A couple minor cold fronts this past week resulted in water temps on the lake 
not changing much. Shore fisherman are reporting good to excellent success, 
but boaters are having only limited success. Best spots for walleyes have been 
the mouth of Channel A, the bridges along the Mauvee Coulee, and the Woods 
Rutten road. Anglers are using jigs tipped with minnows or plastic tails, 
small cranks such as #7 countdowns or #5 shad raps, and live bait rigs. Pike 
fishing's been great for most shore fisherman. Anglers are working Channel A, 
the bridges of the Mauvee, and most other bridges and culvert areas on the 
lake. Try using jigs with twister tails, small cranks, daredevils, smelt or 
herring, or jigs with minnows.
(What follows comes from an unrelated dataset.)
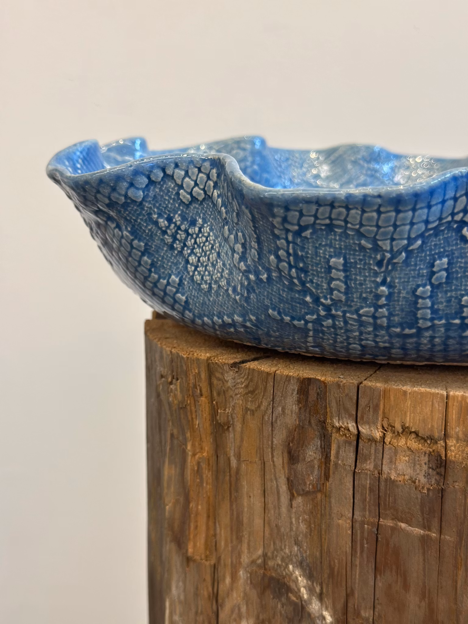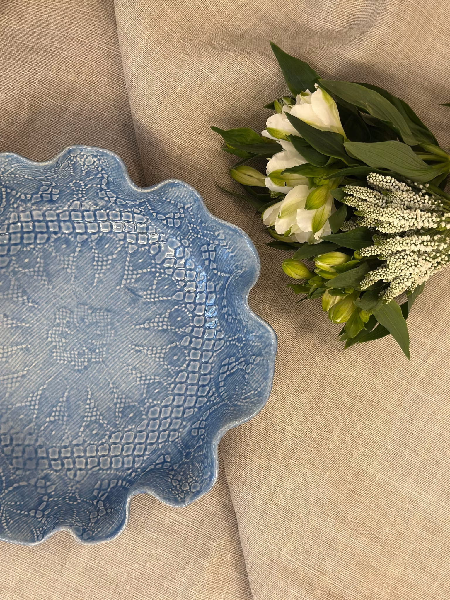 Medium fat med avtrykk fra en duk med en sentrert blomsterfarm inni! Utenpå er det mønster fra en gammel duk.

Anglers are reporting that if the fish aren't 
at one of the areas, move to another and you can usually find them. As water 
temps improve over the next couple weeks, action should really pick up. Keep 
in mind the ice moved quite a few trees around the lake (especially in the 
Flats) so boaters need to exercise caution when moving around on the lake. 
With the start of May, we once again start our monthly largest pike and largest 
walleye contests. The largest of each species weighed in at the store 
receives a $30.00 gift certificate. Good Luck & Good
Fishing!!!


----------